• [TASK PROMPT]:
Images are to be excluded, and the rest of the data repeated exactly.

• [EXERCISE MATERIAL]:
--- --- ---

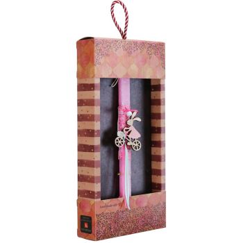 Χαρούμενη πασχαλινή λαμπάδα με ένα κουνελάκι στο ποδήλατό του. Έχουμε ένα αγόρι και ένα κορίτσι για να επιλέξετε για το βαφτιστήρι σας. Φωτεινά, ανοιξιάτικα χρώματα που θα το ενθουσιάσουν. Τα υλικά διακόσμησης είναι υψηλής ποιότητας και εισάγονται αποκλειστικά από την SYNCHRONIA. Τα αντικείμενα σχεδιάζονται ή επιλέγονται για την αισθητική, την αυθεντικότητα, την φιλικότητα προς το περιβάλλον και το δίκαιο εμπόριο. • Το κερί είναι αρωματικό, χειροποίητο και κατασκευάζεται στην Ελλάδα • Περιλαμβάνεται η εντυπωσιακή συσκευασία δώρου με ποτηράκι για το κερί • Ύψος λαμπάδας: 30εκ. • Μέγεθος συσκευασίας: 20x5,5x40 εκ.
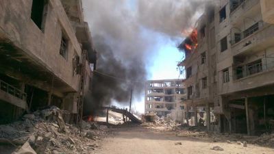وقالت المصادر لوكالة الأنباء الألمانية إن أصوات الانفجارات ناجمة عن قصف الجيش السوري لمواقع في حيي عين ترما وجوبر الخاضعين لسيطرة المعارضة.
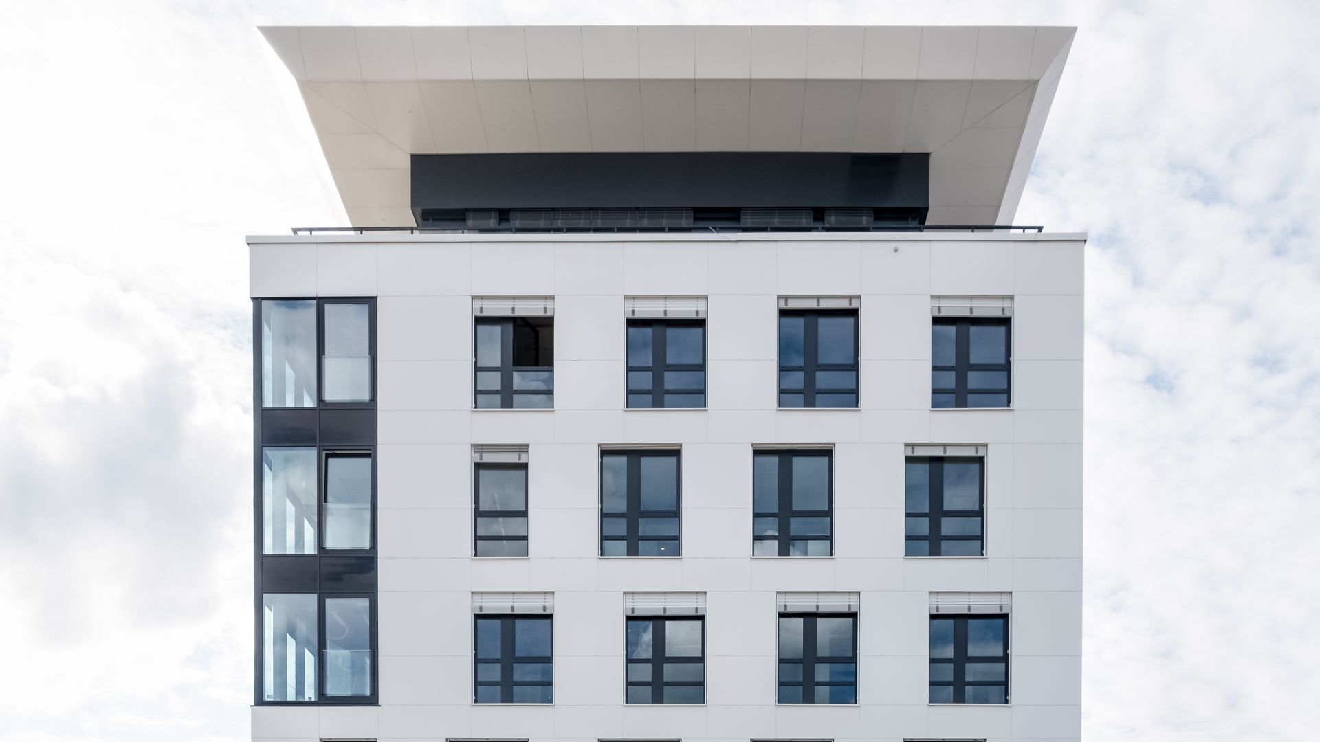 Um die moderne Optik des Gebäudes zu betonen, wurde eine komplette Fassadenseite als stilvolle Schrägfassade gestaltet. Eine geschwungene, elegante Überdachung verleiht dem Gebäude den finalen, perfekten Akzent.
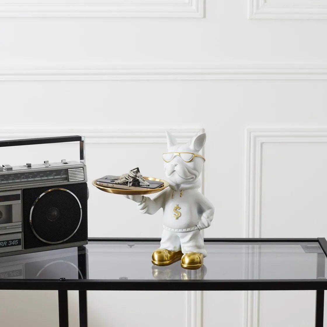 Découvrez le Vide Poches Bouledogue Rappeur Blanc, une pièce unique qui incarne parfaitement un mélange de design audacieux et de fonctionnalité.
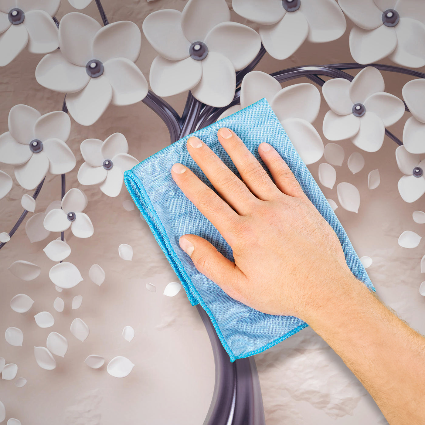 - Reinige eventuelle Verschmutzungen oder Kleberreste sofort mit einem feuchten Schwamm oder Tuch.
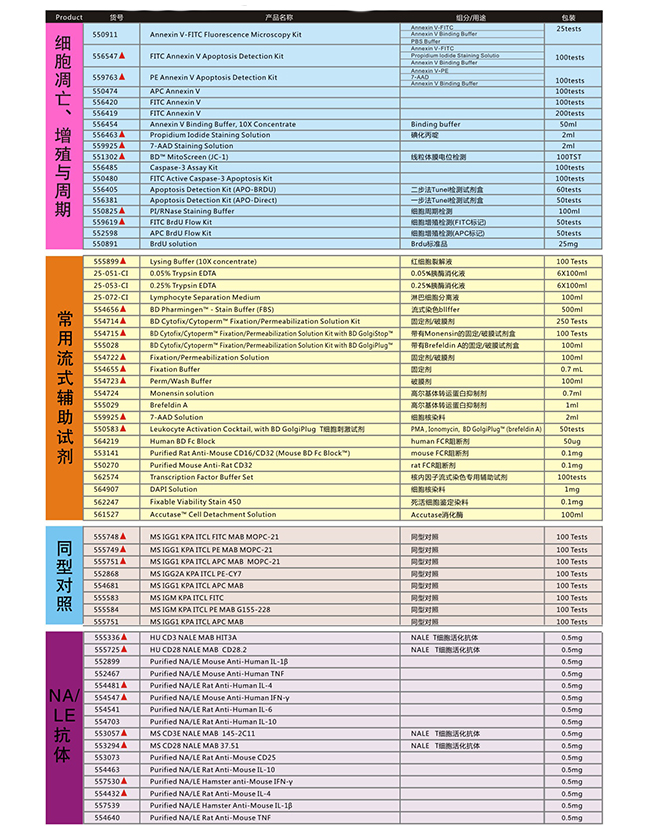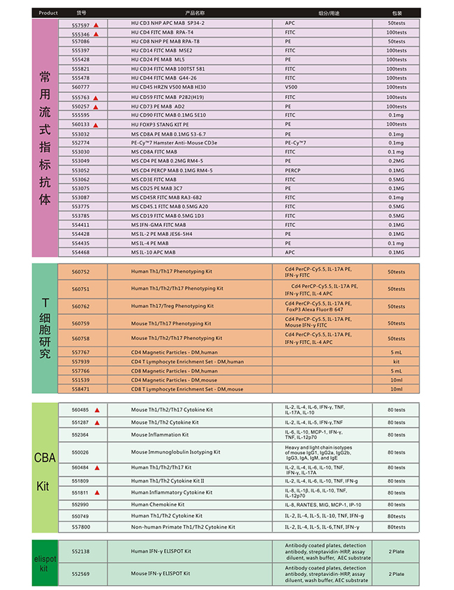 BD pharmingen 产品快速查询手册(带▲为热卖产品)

--- --- ---

• [WRITTEN ANSWER]:
 Χαρούμενη πασχαλινή λαμπάδα με ένα κουνελάκι στο ποδήλατό του. Έχουμε ένα αγόρι και ένα κορίτσι για να επιλέξετε για το βαφτιστήρι σας. Φωτεινά, ανοιξιάτικα χρώματα που θα το ενθουσιάσουν. Τα υλικά διακόσμησης είναι υψηλής ποιότητας και εισάγονται αποκλειστικά από την SYNCHRONIA. Τα αντικείμενα σχεδιάζονται ή επιλέγονται για την αισθητική, την αυθεντικότητα, την φιλικότητα προς το περιβάλλον και το δίκαιο εμπόριο. • Το κερί είναι αρωματικό, χειροποίητο και κατασκευάζεται στην Ελλάδα • Περιλαμβάνεται η εντυπωσιακή συσκευασία δώρου με ποτηράκι για το κερί • Ύψος λαμπάδας: 30εκ. • Μέγεθος συσκευασίας: 20x5,5x40 εκ.
وقالت المصادر لوكالة الأنباء الألمانية إن أصوات الانفجارات ناجمة عن قصف الجيش السوري لمواقع في حيي عين ترما وجوبر الخاضعين لسيطرة المعارضة.
 Um die moderne Optik des Gebäudes zu betonen, wurde eine komplette Fassadenseite als stilvolle Schrägfassade gestaltet. Eine geschwungene, elegante Überdachung verleiht dem Gebäude den finalen, perfekten Akzent.
 Découvrez le Vide Poches Bouledogue Rappeur Blanc, une pièce unique qui incarne parfaitement un mélange de design audacieux et de fonctionnalité.
 - Reinige eventuelle Verschmutzungen oder Kleberreste sofort mit einem feuchten Schwamm oder Tuch.
 BD pharmingen 产品快速查询手册(带▲为热卖产品)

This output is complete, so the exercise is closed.